В Бамбергской рукописи Генриха П (175) в сцене «Благовещение пастухам» фигуры исполнены сильного движения, ангел с развевающейся' одеждой и испуганный пастух протягивают друг другу руки, как в памятниках каролингской поры. Но драматическое движение Утрехтской псалтири (ср. стр. 305) уступает место торжественно-застылой композиции. Изображение явления ангела пастухам выглядит как поклонение ангелу. Недаром он поставлен строго в центре и значительно превосходит по своим размерам фигуры людей. Чудесное видение, которое еще в каролингскую пору выглядело как личное переживание, выливается здесь в застылую, как догмат, формулу, в геральдическую композицию.

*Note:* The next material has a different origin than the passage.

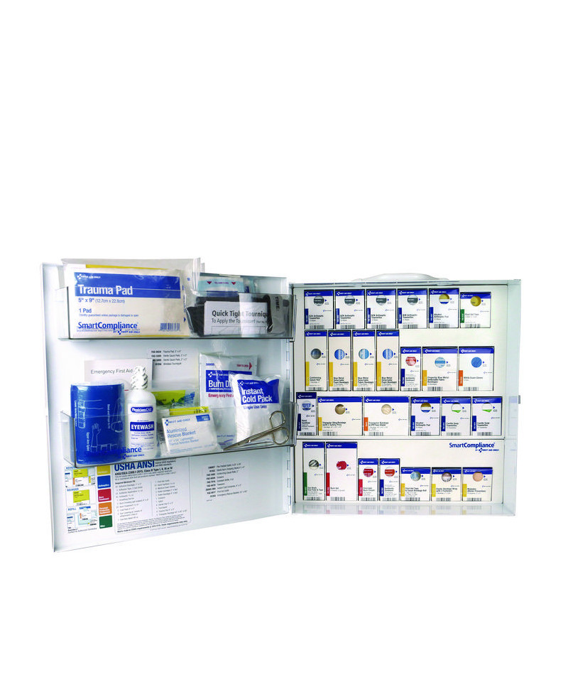 SmartCompliance large metal 2021 ANSI B first aid cabinet without medications for food service delivers cost savings and a convenient replenishment system that keeps a business ANSI compliant.
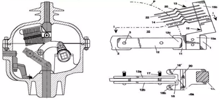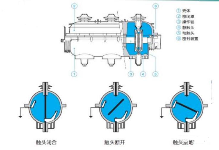 开关采用SF6气体灭弧,分闸时,触头断开瞬间产生电弧,每相触头上的灭弧栅把电弧拉长分段冷却,至电流过零时熄灭。

Свободное движение линий, широкое накладывание красок каролингской миниатюры уступает место более жесткой графической манере и пестрой раскраске. Христианский миф сливается здесь с варварской фантастикой. Концы плаща ангела образуют подобие крыльев, плащ пастуха продолжается в очертаниях горы. В композиции сказывается принцип, которому в западном искусстве предстояло будущее. Вместо античного сопоставления фигур и предметов (ср. 8) фигуры, как в древнем германском орнаменте, образуют многосложное плетенье. Овечки идут по горизонтали и составляют цепь, гора с двумя пастухами вздымается горбом, ангел со своим развевающимся плащом составляет своеобразную пятиконечную звезду. Небольшая миниатюра внушительна, как фреска, выполненная на стене. В этом сказываются черты уже слагавшегося в то время романского стиля.

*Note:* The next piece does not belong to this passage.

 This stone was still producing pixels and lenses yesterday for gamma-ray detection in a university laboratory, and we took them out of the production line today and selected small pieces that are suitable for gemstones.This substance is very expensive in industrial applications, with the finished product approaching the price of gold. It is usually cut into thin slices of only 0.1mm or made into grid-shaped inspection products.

Романским стилем в старину определяли памятники архитектуры, выполненные по римскому способу (modo romano), то есть из камня со сводчатыми покрытиями, а не из дерева, как древние варварские постройки. В наше время романским искусством считают все западно-европейское искусство XI века и первой половины (во многих странах и второй половины) XII века.
В эти годы в Западной Европе достигает наиболее законченной формы феодальный порядок, который начал слагаться еще в конце существования Римской империи. Огромные пространства Западной Европы, когда-то зависевшие от Рима, распадаются на мелкие самостоятельные хозяйственные и политические единицы. Правда, мысль о воссоздании Римской империи не исчезает из сознания средневековых людей, но она не получает своего осуществления. Удачи отдельных императоров не могут преодолеть феодальной раздробленности государств. Вся хозяйственная и культурная жизнь носит неизмеримо более примитивный характер, чем в развитом рабовладельческом обществе древности. Люди должны были сократить свои потребности; они покинули древние города, поросшие травой, вернулись на пастбища и поля, к их несложной обработке, как в древние времена восточных деспотий. Каждая небольшая область должна была, не рассчитывая на другую, обслуживать все свои нужды: добывать продукты питания, производить предметы, необходимые в хозяйстве. Это приближало человека к его естественному, дикому состоянию. Даже всесильные князья и бароны в быту довольствовались немногим и мало отличались своими нравами от подневольного крестьянства.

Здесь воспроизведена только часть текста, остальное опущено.